→ **Exercise inputs**:
"""

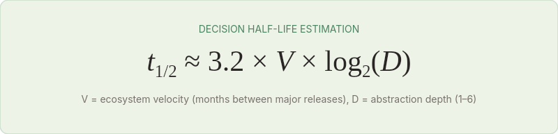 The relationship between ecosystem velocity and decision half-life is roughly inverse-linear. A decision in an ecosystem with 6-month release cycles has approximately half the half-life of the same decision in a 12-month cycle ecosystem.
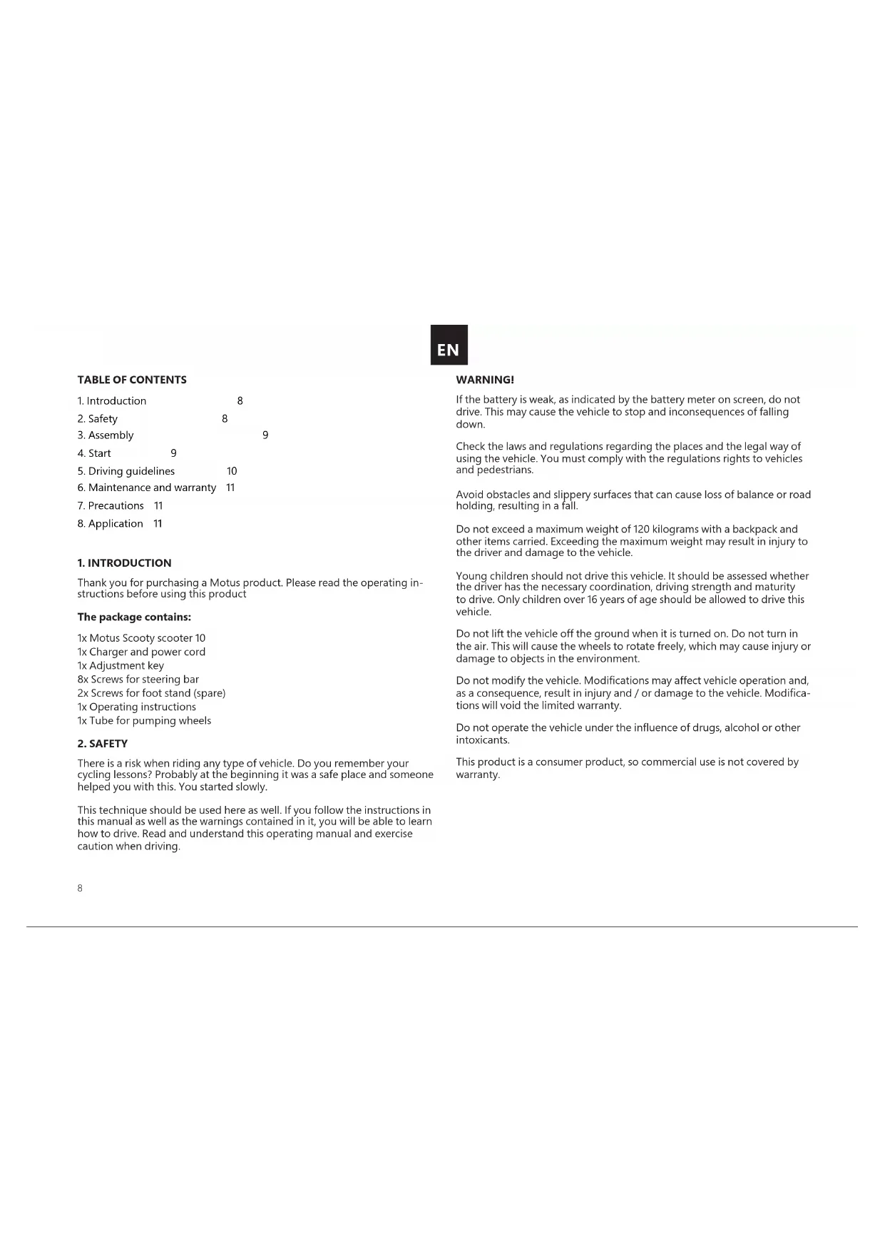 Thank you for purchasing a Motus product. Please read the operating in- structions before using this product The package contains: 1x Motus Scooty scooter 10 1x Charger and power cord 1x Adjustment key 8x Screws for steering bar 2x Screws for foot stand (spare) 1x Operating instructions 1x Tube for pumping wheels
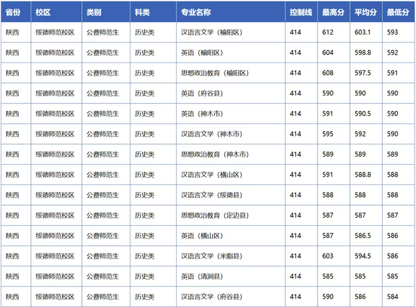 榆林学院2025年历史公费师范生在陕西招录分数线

"""
"""

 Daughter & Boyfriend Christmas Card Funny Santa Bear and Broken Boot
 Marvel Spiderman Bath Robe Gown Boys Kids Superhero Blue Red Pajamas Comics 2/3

"""

→ **Aim of the task**: Skipping every picture, transcribe exactly the lines above from the one containing "The relationship between" through the one containing "榆林学院2025年历史公费师范生在陕西招录分数线", both included.

→ **Task solution**:
 The relationship between ecosystem velocity and decision half-life is roughly inverse-linear. A decision in an ecosystem with 6-month release cycles has approximately half the half-life of the same decision in a 12-month cycle ecosystem.
 Thank you for purchasing a Motus product. Please read the operating in- structions before using this product The package contains: 1x Motus Scooty scooter 10 1x Charger and power cord 1x Adjustment key 8x Screws for steering bar 2x Screws for foot stand (spare) 1x Operating instructions 1x Tube for pumping wheels
 榆林学院2025年历史公费师范生在陕西招录分数线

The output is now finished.